Many others faced problems because certain obscure changes in the last Budget left people in the dark about whether or not they needed to make an election, even if no inheritance tax was actually being saved. In addition, a last minute change by HMRC on 29 January 2007 in the interpretation of certain rules governing a scheme on the family home called the reversionary lease scheme meant that many people who thought they were outside POAT altogether suddenly found they needed to make an election to avoid paying POAT. Finally it emerged that HMRC had not introduced the proper statutory regulation which was required if people were to make elections that were valid anyway!
Robin Williamson, Technical Director of the CIOT’S Low Incomes Tax Reform Group, comments: “The news that HMRC will be allowed to accept late elections will particularly benefit those who may have done something unawares to attract the operation of this tax. Some of them may have been on quite low incomes and unable to afford the annual charge. Without this measure, substantial arrears of tax might have been demanded of them when their liability to the charge was identified.”
Legislation announced today will mean that HMRC can in certain circumstances accept elections made after 31 January 2007.
Emma Chamberlain explains: “The new rule will be most useful for those people who find themselves inadvertently caught by POAT even though they did not intend to do any inheritance tax planning. For example, a mother who gave some cash to help her son buy a house and then later moved into the house with him might be caught by the income tax charge without knowing this. Similarly, families who sell a share in the house to each other are caught by POAT even though no inheritance tax is saved. Such people will now be able to elect late although it is likely that they will still need to elect within a reasonable time of becoming aware of the need to do so.”
Notes to Editors
Since POAT is payable where the value of an asset exceeds, roughly, £100,000, and inheritance tax does not begin to be payable until a person’s estate exceeds £300,000 (in 2007-08), it is clearly advantageous for those whose estates are valued at between those figures to make the election. In addition, the inheritance tax in this case would be payable on death, while POAT is an annual tax on income while the taxable person is still living.

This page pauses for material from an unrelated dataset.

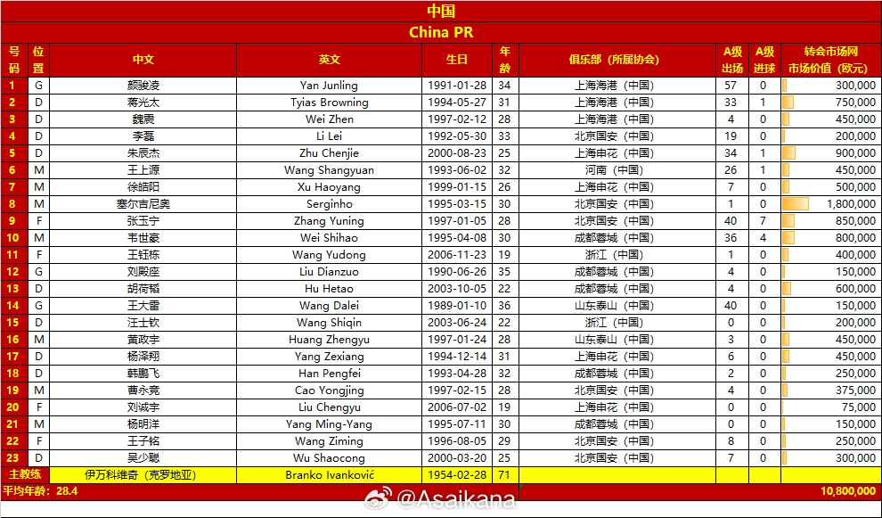 國足23人名單平均年齡28.4歲,總身價(jià)為1080萬歐元,身價(jià)最高的球員是塞爾吉尼奧,達(dá)到180萬歐元,他也是唯一一位身價(jià)超過100萬歐的球員。

The law prescribes a time limit for making the election – 31 January following the tax year in which the charge arose. This means that, for a charge first arising in 2005-06, 31 January 2007 was meant to be the last date by which a person could opt into inheritance tax instead of paying POAT.
The Chartered Institute of Taxation (CIOT) is a registered charity (number 1037771) and is the leading professional body in the United Kingdom concerned solely with taxation. The CIOT deals with all aspects of direct and indirect taxation. Its primary purpose is to promote education in and the study of the administration and practice of taxation. One of its key aims is to achieve a better, more efficient, tax system for all affected by it – taxpayers, advisers and the authorities. The CIOT’s comments and recommendations on tax issues are made solely in order to achieve its aims: it is entirely apolitical in its work. The 14,000 members of the CIOT have the practising title of ‘Chartered Tax Adviser’.
The Institute was established in 1930 and received its Royal Charter in 1994. It is a United Kingdom member of the Confédération Fiscale Européenne (CFE), the umbrella body for 150,000 tax advisers in Europe. As part of its charitable activities, the CIOT also sponsors the Low Incomes Tax Reform Group that works to improve and simplify the tax system so as to make it more responsive to the needs of those who cannot afford to pay for tax advice. The Institute offers the Advanced Diploma in International Taxation as a specialist qualification for international tax practitioners primarily working in corporate tax.
The Low Incomes Tax Reform Group is an initiative of the CIOT which gives a voice to those who cannot afford to pay for help with tax and tax credits.